Data segment
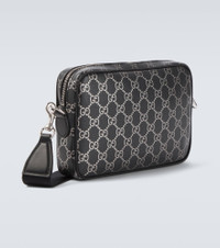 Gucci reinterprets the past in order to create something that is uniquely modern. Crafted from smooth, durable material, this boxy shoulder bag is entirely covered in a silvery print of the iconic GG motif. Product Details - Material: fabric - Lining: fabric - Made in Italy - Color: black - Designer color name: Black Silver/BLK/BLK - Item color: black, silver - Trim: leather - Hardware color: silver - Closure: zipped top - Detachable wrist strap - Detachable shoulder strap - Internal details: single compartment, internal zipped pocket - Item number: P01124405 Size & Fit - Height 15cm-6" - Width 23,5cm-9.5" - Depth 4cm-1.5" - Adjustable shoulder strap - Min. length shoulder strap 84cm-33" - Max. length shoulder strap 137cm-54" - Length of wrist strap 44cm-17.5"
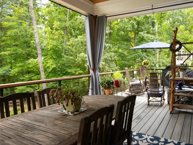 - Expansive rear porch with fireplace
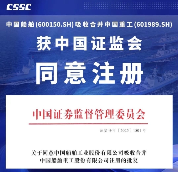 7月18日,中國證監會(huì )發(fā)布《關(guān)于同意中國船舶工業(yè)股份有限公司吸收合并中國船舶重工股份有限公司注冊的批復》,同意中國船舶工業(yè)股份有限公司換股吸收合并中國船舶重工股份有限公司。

What you need to do
What is needed is a verbatim copy of the lines from the line with "- Expansive rear porch with fireplace" through the last line of the listing, pictures excluded.

Result
 - Expansive rear porch with fireplace
 7月18日,中國證監會(huì )發(fā)布《關(guān)于同意中國船舶工業(yè)股份有限公司吸收合并中國船舶重工股份有限公司注冊的批復》,同意中國船舶工業(yè)股份有限公司換股吸收合并中國船舶重工股份有限公司。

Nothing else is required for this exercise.